# Angry with husband



## pinkpig (Jan 13, 2011)

Hello everyone, it's been 3 years since moving on, it still hurts on Mothers day and Christmas, but I can honestly say it really does get easier, but you never really accept it .  However 1 month ago I left my husband, he is a closed book emotionally and he has an awful temper, I can't be unhappy and lonely forever. He recently admitted he never wanted children, that's why we never have a physical relationship (once ever 3 months now, despite me asking, it hurts to be turned away so often)
When we were trying he would only ever do it twice a month and he wouldn't stop drinking then. I feel so angry, I gave up my fertile years for him, I'm going through the early menopause at 38 years now. So no husband and no children, living with my parents, you never know what life has in store for you.


----------



## star17 (Oct 31, 2012)

I am so sorry.  What a horrible situation.  I don't have words of wisdom, but wanted to pop on and send you a big hug.  You are very brave and I hope that the next stage of your life works out for you.


----------



## BroodyChick (Nov 30, 2009)

Not sure if it helps as long as your situation is still so raw and you've not been separated very long, but do come take a look at the Single Women thread, there are plenty of us who started our journeys single after failed relationships, and it sounds like you're not quite ready to give up your dream of being a mum. 38 is not too old for a lot of things, including adoption or some other ways to involve children into your life. Best of luck with this new chapter from me too xx


----------



## artist_mum (Jun 19, 2012)

hi

just wanted to send you a big  .  That's hard.  But equally you are very brave and even though it feels old at 38 I can assure you that life will bounce back with some surprises in store for you - I'm sure of it!
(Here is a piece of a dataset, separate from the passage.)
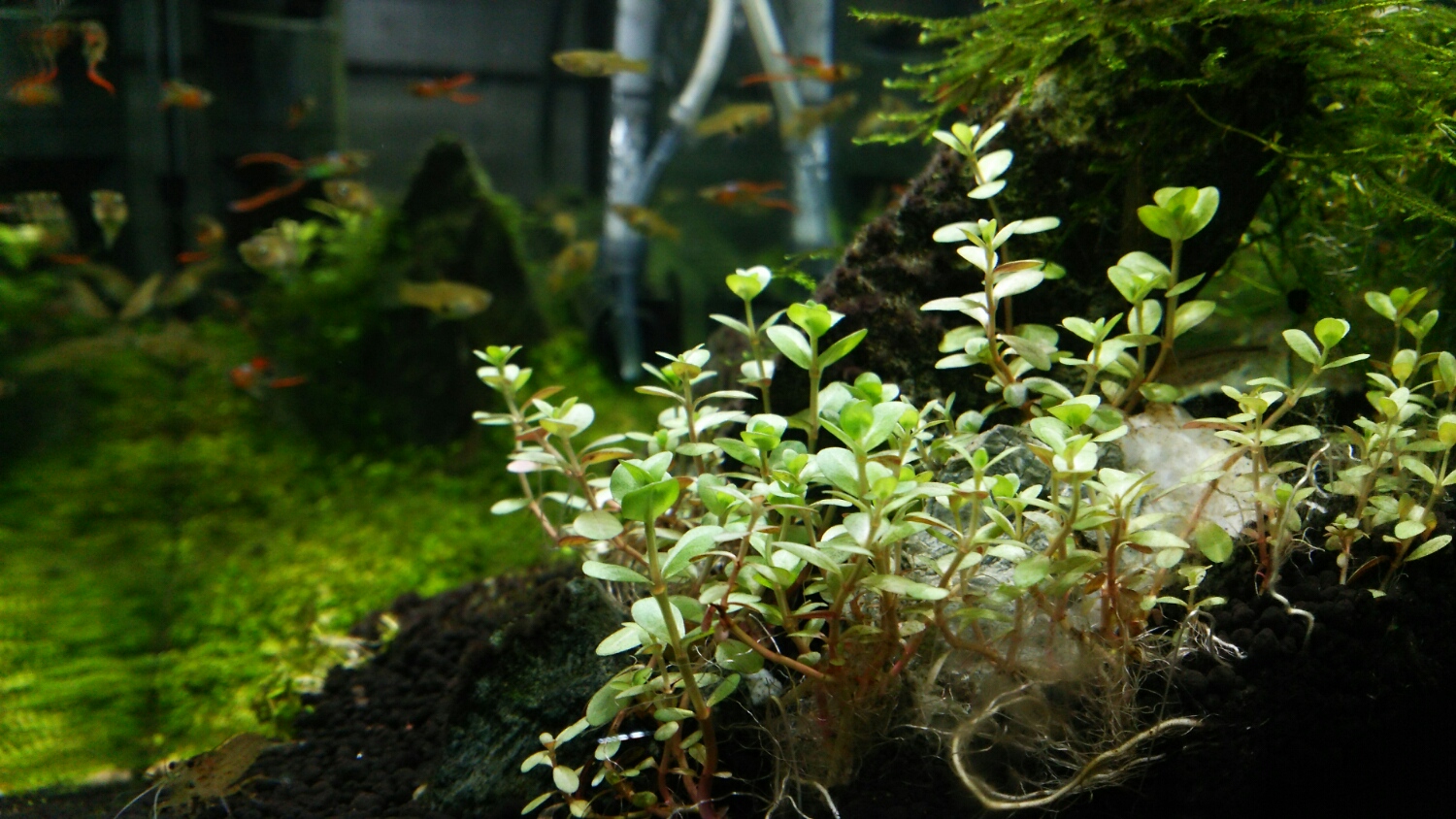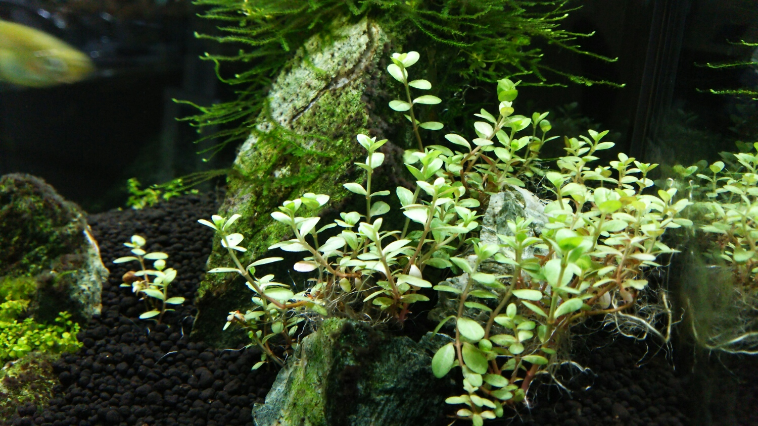 そして、前回の記事で紹介した60slim水槽の一部に植栽しました。

It would be a good idea to work through that anger.  I mean, who wouldn't be angry!  What you don't want, is to end up bitter.  There will be a whole new chapter for you.. but have to get through this bit first.

Just also wanted to tell you my story: Never fell pregnant with partner of 13 years (he also didn't really want kids and like you the physical side was on his say so..).  Was alone at 40.  Met somebody at 43 and surprise pregnancy for first time ever at 45.  I did miscarry and have failed at IVF (donor egg) since then so I haven't yet found my happy ending.  But I'm 48.  YOU HAVE TIME!!!!

Hang on in there
xx


----------



## littlecat83 (Nov 7, 2013)

Big hugs 

I agree with the ladies on here - you are still relatively young!! My SIL has just had my gorgeous nephew at 39 naturally and my cousin at 39 has also just had a little boy.

Do visit the single ladies thread and have a read, many women decide to go it alone and feel so happy with that decision, scary though it is. Just look at Halle Berry, pregnant at 48 and Gwen Stefani at 44, Madonna at 42 (just picking random celebs as we all know who they are!).

I also found this story on guardian really inspiring, funny and touching from a lady in a very similar situation to you xxx

http://www.theguardian.com/lifeandstyle/2013/apr/06/adopting-baby-from-china-julia-sweeney

/links


----------



## BroodyChick (Nov 30, 2009)

Littlecat -I only recently read Julia's book 'If its not one thing, it's your mother' - it was fantastic! Try and get a copy 
On another note it is no longer possible for single adopters to adopt from China, but there are plenty of opportunities in the UK - I've been totally addicted to 'Wanted: a family of my own' on telly!
Anyway, it's easier to make a choice that leads to your happy ending when you're not carrying the dead weight of an unhelpful partner.x


----------